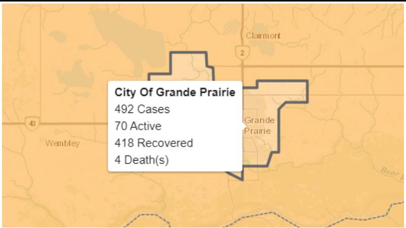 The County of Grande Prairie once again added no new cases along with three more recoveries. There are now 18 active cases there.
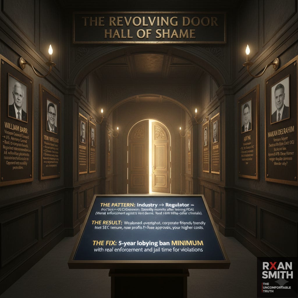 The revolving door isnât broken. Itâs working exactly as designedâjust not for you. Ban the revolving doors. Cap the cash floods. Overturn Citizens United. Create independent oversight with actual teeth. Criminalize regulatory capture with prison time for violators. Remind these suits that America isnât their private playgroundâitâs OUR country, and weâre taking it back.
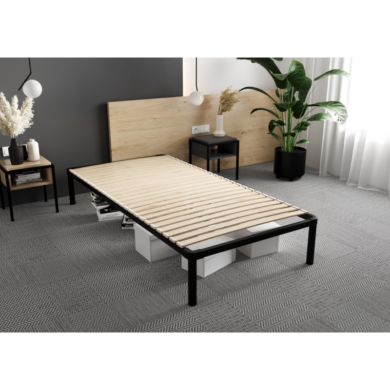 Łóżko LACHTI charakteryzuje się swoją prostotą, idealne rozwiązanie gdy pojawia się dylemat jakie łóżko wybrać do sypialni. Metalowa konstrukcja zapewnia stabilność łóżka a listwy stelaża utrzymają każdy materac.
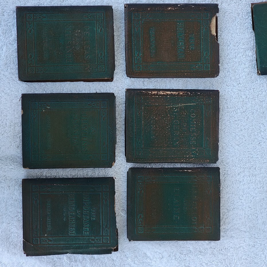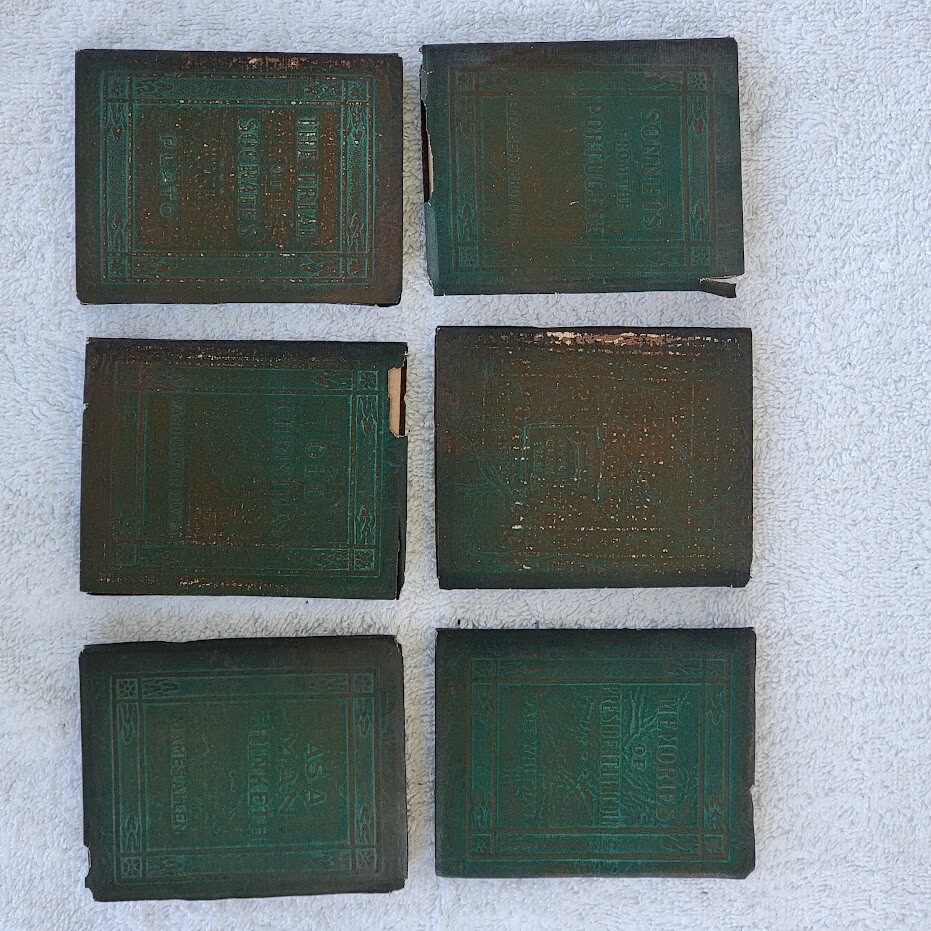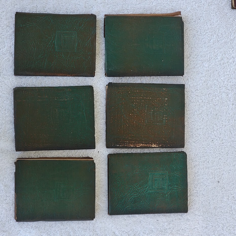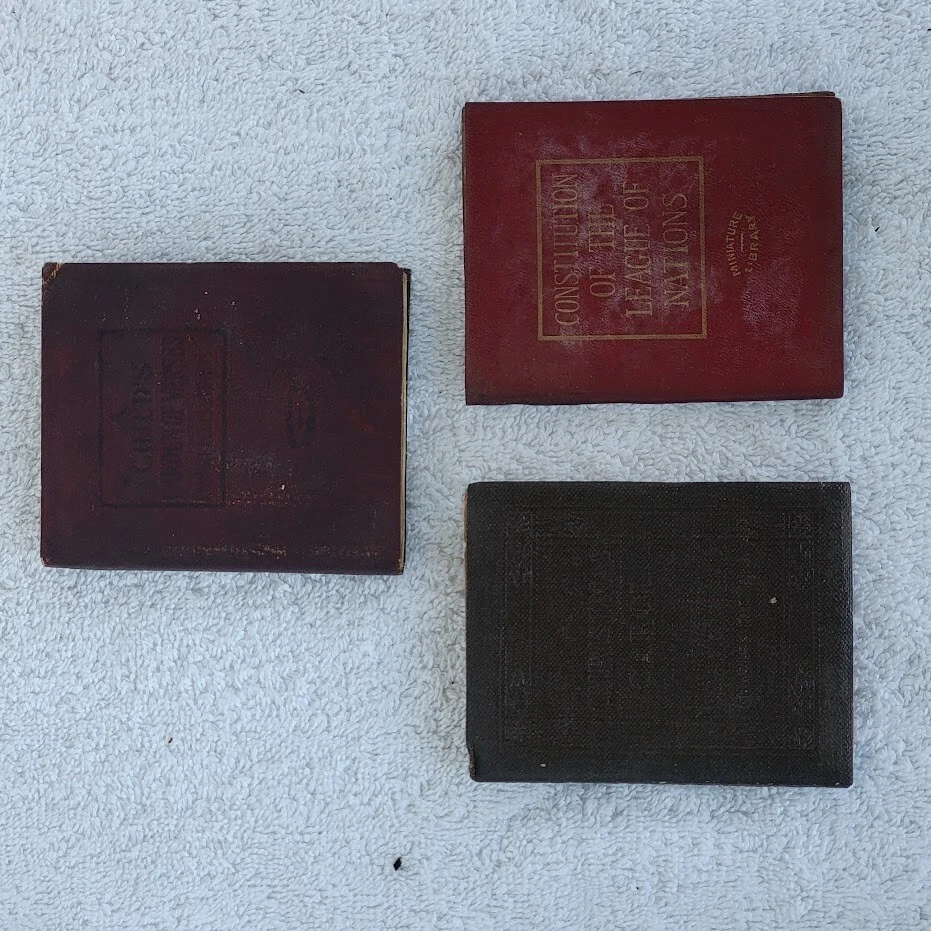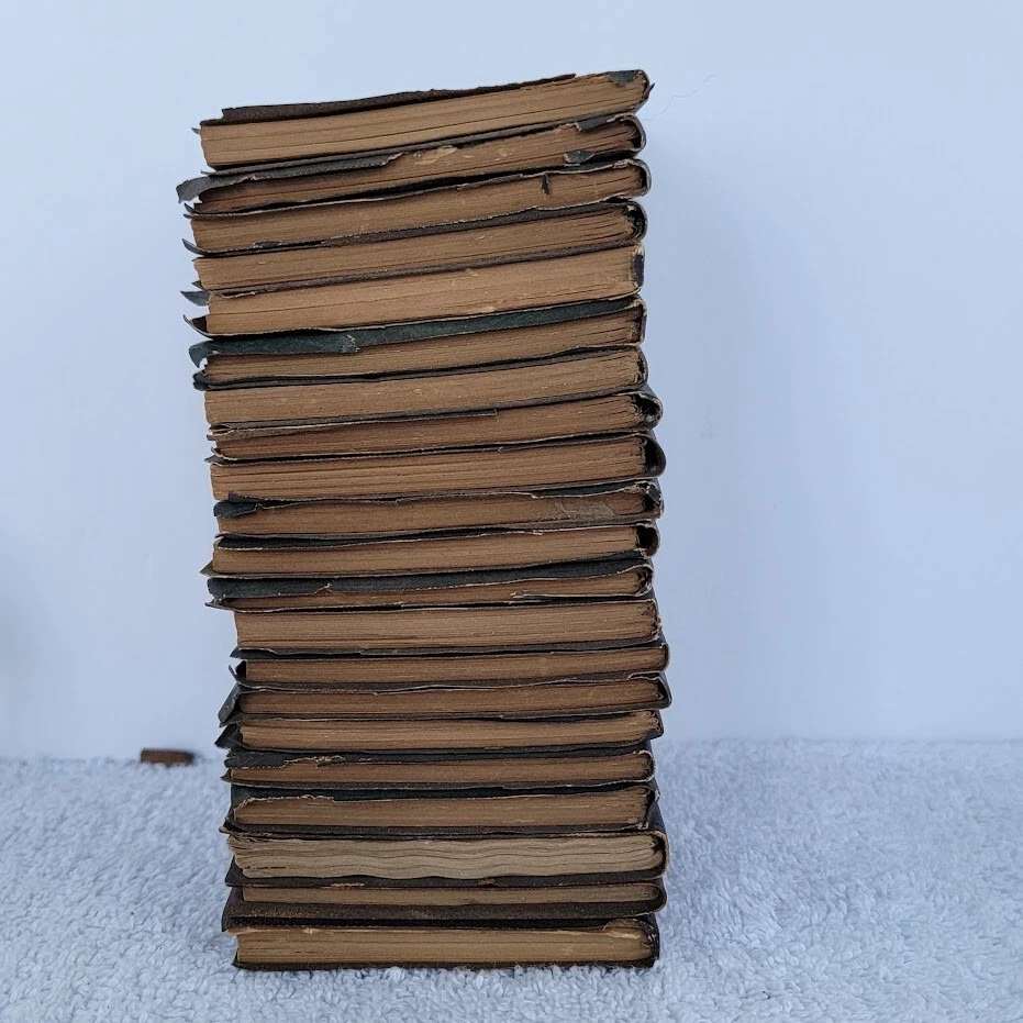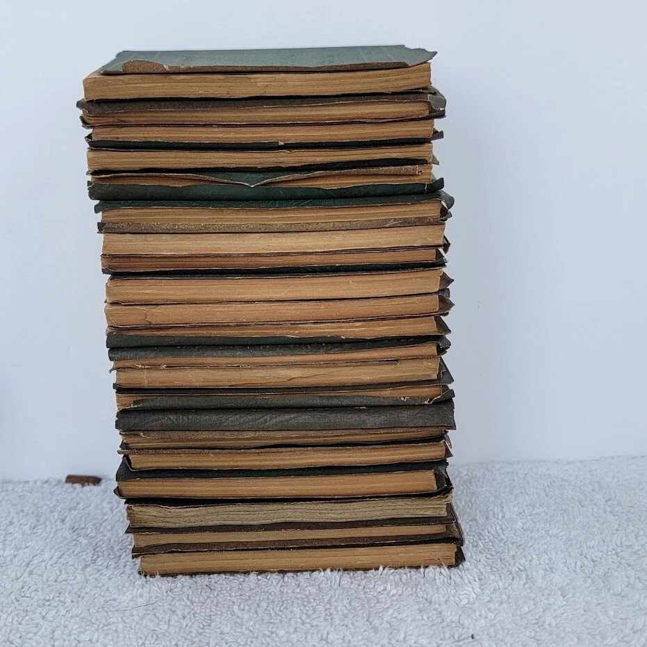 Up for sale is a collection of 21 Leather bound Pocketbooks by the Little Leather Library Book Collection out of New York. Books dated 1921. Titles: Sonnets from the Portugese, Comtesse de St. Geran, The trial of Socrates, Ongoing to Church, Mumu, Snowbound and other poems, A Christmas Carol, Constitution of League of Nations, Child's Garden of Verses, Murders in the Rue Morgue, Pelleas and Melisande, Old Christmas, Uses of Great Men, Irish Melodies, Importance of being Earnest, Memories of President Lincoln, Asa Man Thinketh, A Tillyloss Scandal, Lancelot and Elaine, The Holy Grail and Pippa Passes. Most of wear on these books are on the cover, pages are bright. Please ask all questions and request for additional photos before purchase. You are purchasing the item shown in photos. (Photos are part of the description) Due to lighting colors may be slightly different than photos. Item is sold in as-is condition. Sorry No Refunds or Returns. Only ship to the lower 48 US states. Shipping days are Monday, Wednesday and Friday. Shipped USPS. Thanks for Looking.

──────────

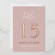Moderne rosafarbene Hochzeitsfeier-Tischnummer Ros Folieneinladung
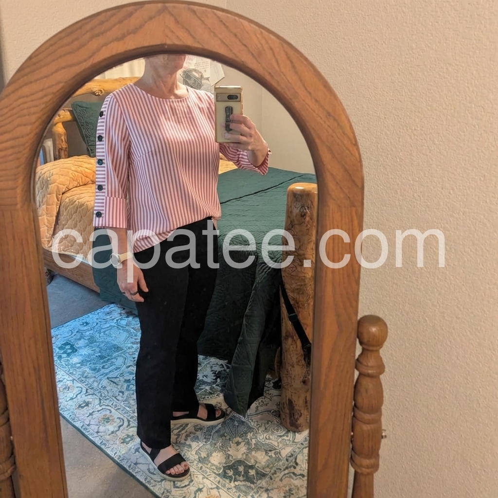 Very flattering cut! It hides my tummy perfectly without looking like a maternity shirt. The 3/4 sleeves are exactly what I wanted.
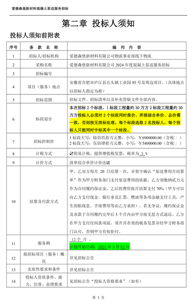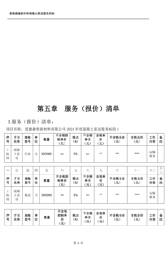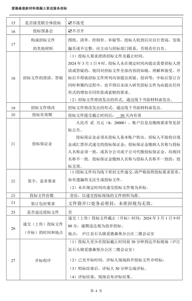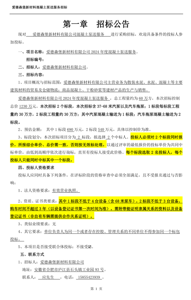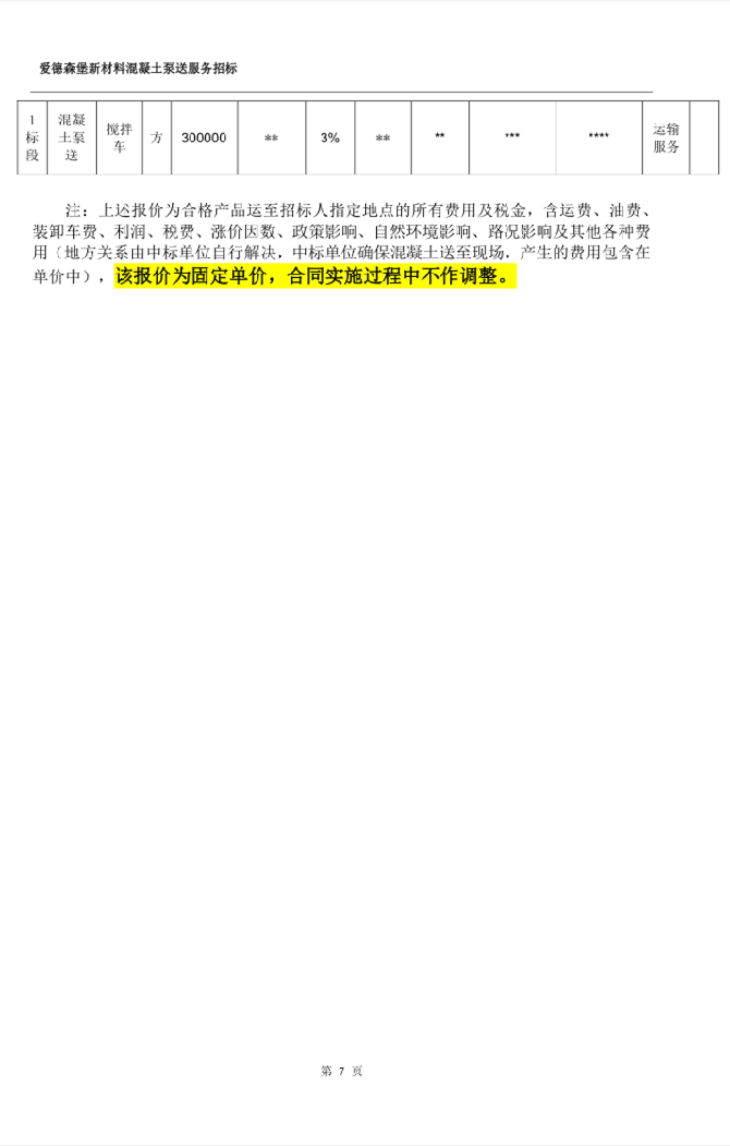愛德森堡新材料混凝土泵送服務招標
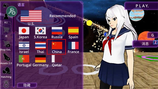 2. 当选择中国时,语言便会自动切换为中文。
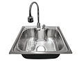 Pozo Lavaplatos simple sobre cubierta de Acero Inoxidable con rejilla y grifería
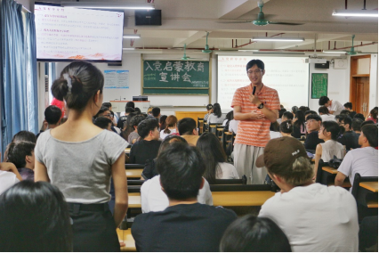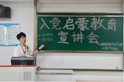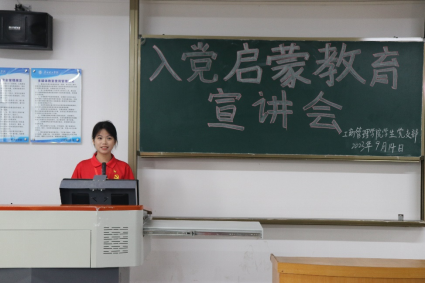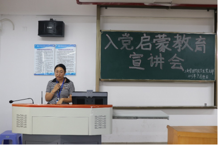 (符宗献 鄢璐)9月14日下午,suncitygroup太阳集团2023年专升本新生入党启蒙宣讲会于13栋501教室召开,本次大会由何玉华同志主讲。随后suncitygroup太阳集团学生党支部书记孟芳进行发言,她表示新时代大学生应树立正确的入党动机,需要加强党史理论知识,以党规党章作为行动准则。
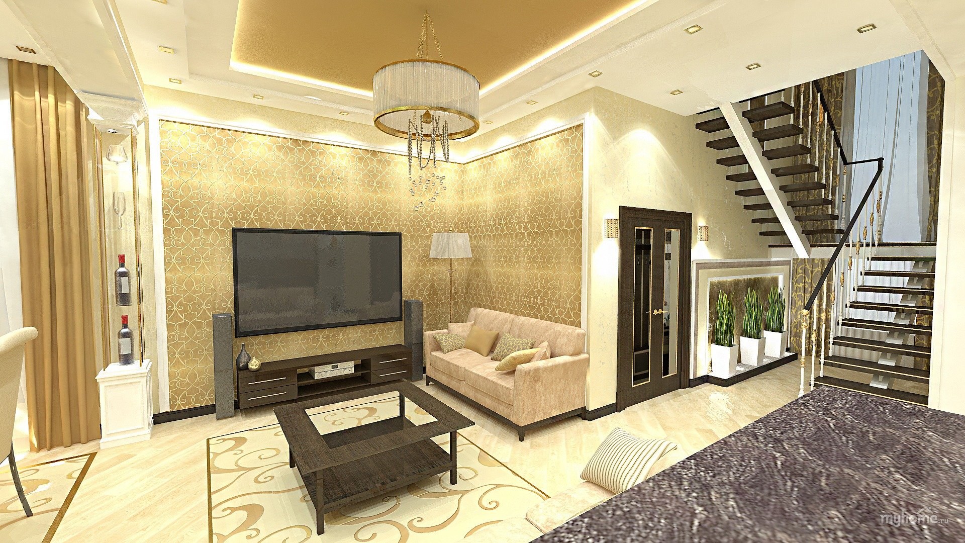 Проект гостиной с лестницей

──────────

Reproduce the listing above exactly from the line containing "(符宗献 鄢璐)9月14日下" up to and including the line containing "Проект гостиной с лестницей", omitting any images and everything outside those lines.

• [Answer to the problem]:
 (符宗献 鄢璐)9月14日下午,suncitygroup太阳集团2023年专升本新生入党启蒙宣讲会于13栋501教室召开,本次大会由何玉华同志主讲。随后suncitygroup太阳集团学生党支部书记孟芳进行发言,她表示新时代大学生应树立正确的入党动机,需要加强党史理论知识,以党规党章作为行动准则。
 Проект гостиной с лестницей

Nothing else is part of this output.